You're the one that's asking - what research have you done?
From what I can tell from that article, "LDPC" is not just one single thing - it's a whole class of a certain type of codes.
Therefore, the performance is going to depend on the particular type of LPDC you choose, and how you implement it.
So your question is a bit like saying "how many bits of error can a CRC detect" - that depends on which particular CRC you choose!
This is kind of interesting... historically, parity has been a very weak error management process. When applied byte by byte, a parity violation could tell you that there has been at least a single bit error. But, it was very possible to have errors of two or more bits in which parity is preserved.
LDPC seems to be potentially a lot stronger than that (re: above referenced Wikipedia article). And, there appears to be several classes of applications in which it is superior to turbo codes.

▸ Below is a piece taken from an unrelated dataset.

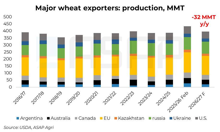 У ЄС після близько 144 млн т ринок закладає корекцію до 135–138 млн т на тлі нормалізації врожайності та слабкої цінової рентабельності культури. В Аргентині очікується більш стриманий результат на рівні 21–23 млн т, тоді як Австралія може повернутися до 32 млн т. Казахстан після врожаю близько 19 млн т також може показати зниження до 15 млн т.

I wish that I understood this stuff better. Maybe, some time, if I have nothing better to do, ... ha, ha, ha!
Jim
I wish that I understood this stuff better
Me too. I use to work with ATCA-9305:
https://www.smartembedded.com/ec/product-datasheets/1398193020-ds.pdf/Artesyn-ATCA-9305.pdf
And a few boards like it, it had the LDPC 10GBase-T network fabric on the backplane in which it plugged in. I mostly recall struggles with the error correction code (ECC) memory that would self-correct (LDPC?). To detect if errors were happening during burn-in, we had to load a bare metal test application from the CPU manufacturer rather than running the Linux that was used for other tests. It needed some timing values that caused the struggle. At any rate, once the timing was figured out it was flawless, I don't recall seeing errors, and I probably unloaded 5000 of those things from burn-in.